[Records from a collection]
──────

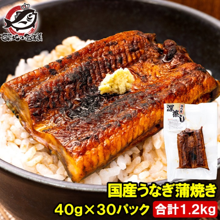 送料無料 うなぎ蒲焼き カットうなぎ 国産うなぎ 40g×30パック 合計1200g 食べきりサイズ
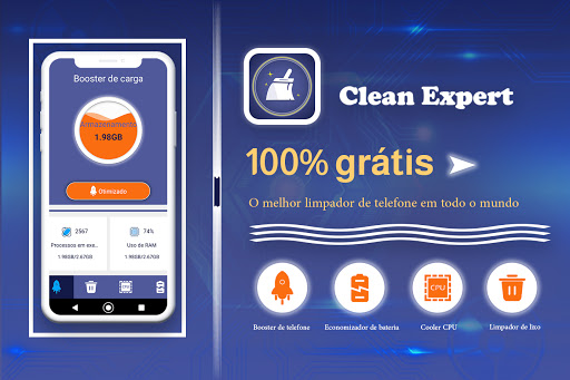 Basta baixar e desfrutar deste aplicativo de limpeza de classe mundial! Clean Expert: limpador de telefone Android! Melhore o desempenho do seu telefone Android agora!
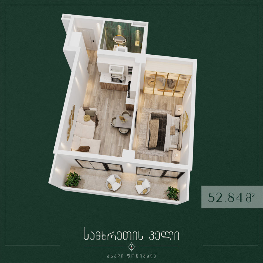 2.მისაღები ოთახი/სტუდიო: 22.53 კვ.მ
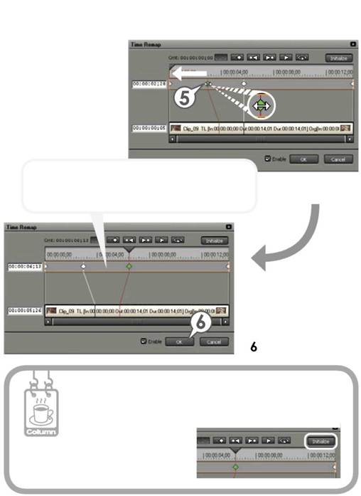 Time Remap – функция для изменения скорости воспроизведения части фильма, например одной сцены для её смыслового выделения. Определите рамки и отрегулируйте сцену между ними. Если сцена между рамками сужена для увеличения скорости, другие сцены расширяются и их скорость замедляется. Общая длинна фильма остаётся неизменной.
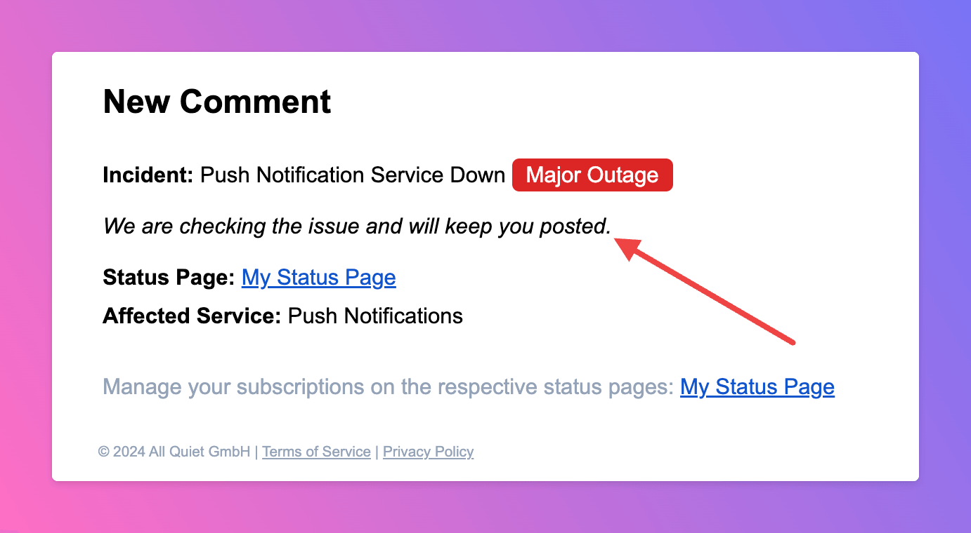 to publish the comment on you status pages and sent it in an email to your subscribers. To create a status page, see below.
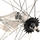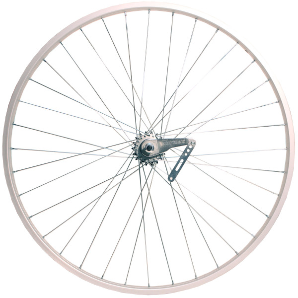 Заднее колесо 28", обод одинарный алюминиевый без пистонов серебристый, втулка тормозная.
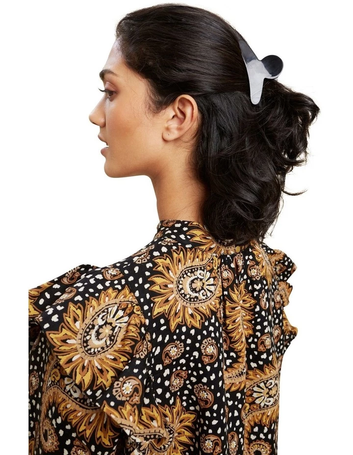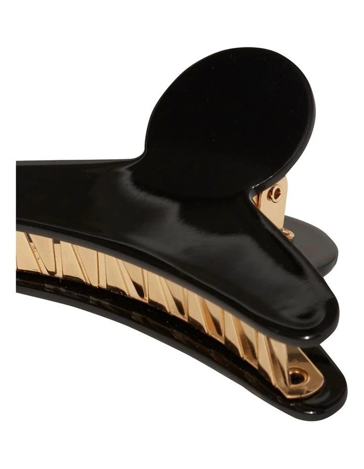 Effortlessly pull your hair back with this mid-size butterfly clip. With gold look detailing and a shiny finish, this clip will be your go-to hair accessory.

──────

Exercise brief: Set down exactly the lines between the line containing "серебристый, втулка тормозная." and the end of the records above, both ends included; pictures stay out.

Exercise answer:
 Заднее колесо 28", обод одинарный алюминиевый без пистонов серебристый, втулка тормозная.
 Effortlessly pull your hair back with this mid-size butterfly clip. With gold look detailing and a shiny finish, this clip will be your go-to hair accessory.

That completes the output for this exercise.